Pontiac Metallic Blue has been getting worst each year.
The last batch of DC I used was very light as well, especially when compared to Factory original parts.
Shown here is an OE oil pan with the original deep blue Metallic Vs the last pc I shot with the 1616, 
had more "Blue" tint then what your block is showing but still getting far to light. 
















I don't think we'll ever see anything in a bomb get back to oe and we will have to go to a match, mix and shoot


----------



## Cudaboy_71 (Jun 10, 2017)

looks like the duplicolor will be better than the eastwood. Still, I'm not opposed to color matching...I have the equipment to shoot paint. 

Any of you have better experience with a pint/quart that will come out closer to vintage? Apart from the color, what I'm really after is durability. My paint shop said they can color match no problem. But, it's only good to 185°F. The ceramic of the eastwood and/or duplicolor looks like it will last a lot better. So, what I'm after is a durable, ceramic paint that will look closest to vintage.

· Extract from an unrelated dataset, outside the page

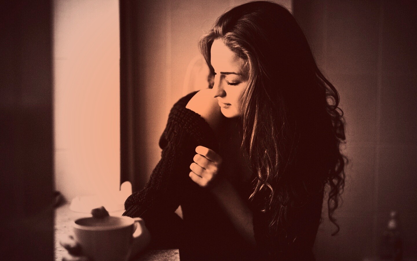 «Обнаженное плечо и чашка кофе»
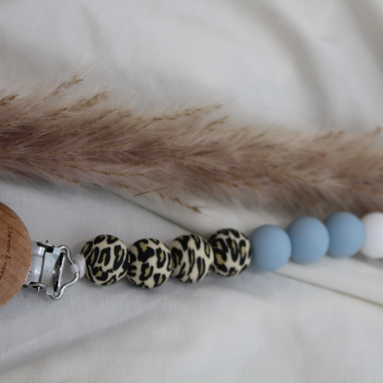 This cool Leopard Clip consists of 4 silicone beads with leopard print, 3 colour beads and the hexagon with the 2 beads around it.

If not, the 1616 looks better than what I have. How many cans to do the block/heads/oilpan/valleypan/intake?

Block/heads/oilpan will be shot all at once. I'll shoot the valley pan and intake off of the car, if that matters.


----------



## GTOJUNIOR (Aug 7, 2011)

I've not used the BH paint but many have and indicated good results;
ENGINE ENAMEL-hirschauto.com


----------



## Cudaboy_71 (Jun 10, 2017)

I like the look of the hirschauto stuff. but, I may grab a can of duplicolor and test it on the valley pan after i scuff it with a quick sand blast. worst case I have to sand blast that back down to metal if it doesnt work or look right.

best case, I like the look and the paint sticks to the silver base coat ceramic enamel I already put down.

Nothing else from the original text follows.